(Information shown Opens)
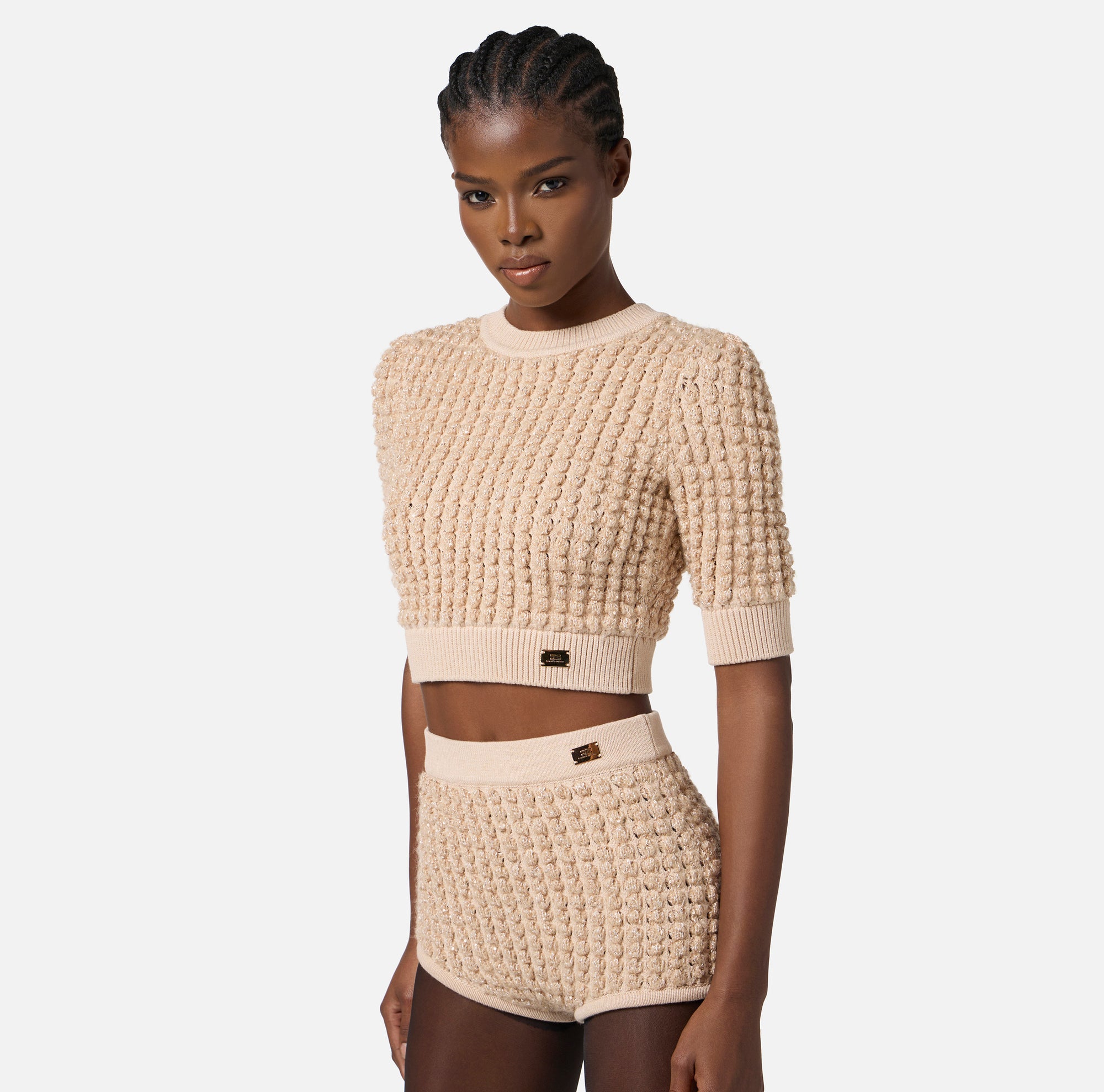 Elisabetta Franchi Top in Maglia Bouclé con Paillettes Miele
(Information shown Closes)
(Information shown Opens)
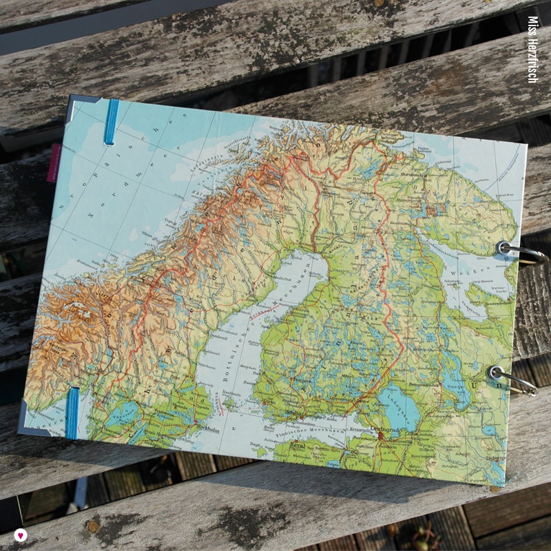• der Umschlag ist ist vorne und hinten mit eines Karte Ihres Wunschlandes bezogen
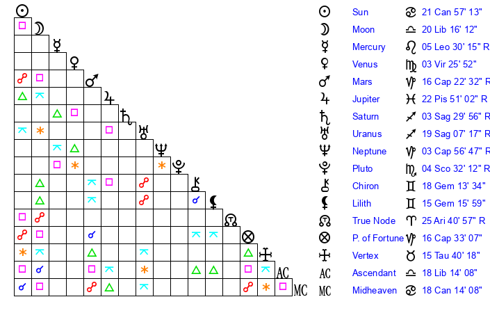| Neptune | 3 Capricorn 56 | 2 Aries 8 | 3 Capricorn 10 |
(Information shown Closes)
What you have to do —
Among the entries above, find the line with "Ihres Wunschlandes bezogen" and repeat exactly from there through the line with "Capricorn 10 |", leaving out the pictures.

Solution for this exercise —
• der Umschlag ist ist vorne und hinten mit eines Karte Ihres Wunschlandes bezogen
| Neptune | 3 Capricorn 56 | 2 Aries 8 | 3 Capricorn 10 |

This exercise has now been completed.